Demand-based messaging is a communication service that allows people to exchange message data, such as text, over a network or other communications media, in real time. Probably the most common medium for exchange is the Internet, but as wireless phone networks continue to expand, their popularity for text messaging is also expanding. U.S. Pat. No. 6,301,609 issued to Aravamudun et al., and U.S. Patent Publications Nos. 2002/0035605 and 2004/0254998, for example, illustrate the move toward an exchange medium that unifies traditional and wireless communications. Instant messaging (1M) is perhaps the most widely known and used embodiment of demand-based messaging. Today, most network and online service providers offer some form of IM service. According to some estimates, the top three instant messaging service providers serve over forty million users. Instant messaging services also are being rapidly deployed and integrated into enterprise infrastructure. International Business Machines, Inc. (IBM), for example, has deployed LOTUS SAMETIME instant messaging applications for employees world-wide. Other examples of IM applications that are popular today include MSN Messenger and Yahoo/AOL Instant Messenger. Web-based interfaces are also gaining popularity, as illustrated in U.S. Pat. No. 6,651,086 issued to Manber et al., which describes how a user can join conversations about topics that are presented as web content.
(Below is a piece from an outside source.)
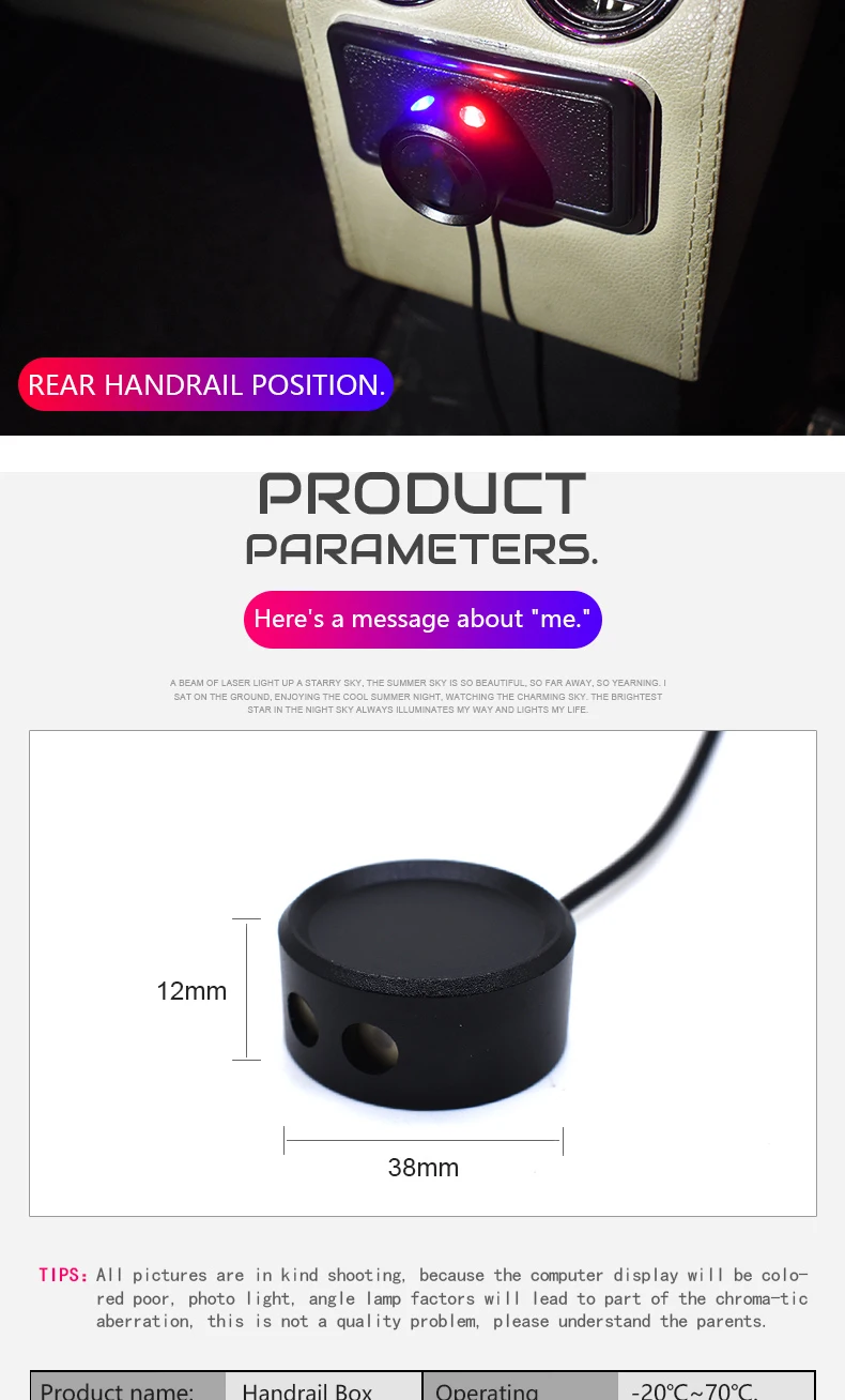 Название продукта: Коробка Starlight Тип продукта: K1 Вес изделия: 0,3 кг Размер продукта: 12*38 мм Рабочее напряжение: 5 В Рабочая температура:-20 ° ℃-70 ℃ Мощность лазера: Red100mw green30mw blue80mw Срок службы продукта: более 10000 часов Водонепроницаемый скорость передачи данных: IPX4 Длина волны лазера: Red650nm green30nm blue80nm Расположение: хвостовое положение подлокотника Линия подключения: достаточно USB гнезда Примечание: 1. Различия из-за освещения и дисплея, цвет изделия может немного отличаться от изображения. 2. Замеры сделаны вручную, поэтому возможны отклонения на 0,1-0,2 см.

IM users typically use a networked computer and an IM client program to exchange messages with one another in conversational style. An IM client provides an interface for users to compose, send, receive, and read messages. In a graphical display, an IM client usually includes at least two windows: a window for composing and sending messages, and a window for displaying messages as users take turns sending and receiving them. IM sessions (colloquially referred to as “chats”) are often lengthy, with multiple participants each taking many turns “speaking” in the chat window. It is common for one user to have multiple IM chats running simultaneously, usually in separate windows.
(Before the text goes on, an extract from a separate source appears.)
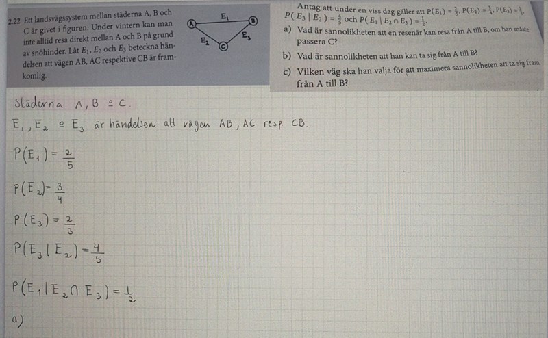 Undrar över en annan sak också, så den långa sannolikheten som blir 1/2, betyder det att "vad är sannolikheten att E1 (A till B) inträffar om E2 och E3 inträffar tillsammans..."?

Demand-based messaging services, including instant messaging services, no doubt owe much of their success to the convenience and efficiency with which communications can be exchanged. Unfortunately, the popularity of such messaging services directly affects the convenience and efficiency with which users can exchange communications, even making such communications disruptive at times. For example, it is not uncommon for users to have important instant messaging sessions active with one or more users, while other users continue to interrupt the flow of communications with unrelated messages.
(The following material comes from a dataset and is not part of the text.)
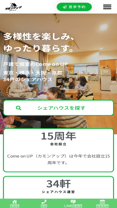 54%東京・横浜・大阪・京都で32軒のシェアハウスを運営するcome on up(カモンアップ)のホームページです。

Current messaging applications provide minimal configuration and control to a user, often including only rudimentary means for blocking individual users from initiating a messaging session. With such limited means for managing the exchange of communications, any given messaging user is available to some sub-set of other users. Thus, existing messaging applications remain too cumbersome to manage communications effectively and there remains a need to advance the state of the art of demand-based messaging to overcome these shortcomings.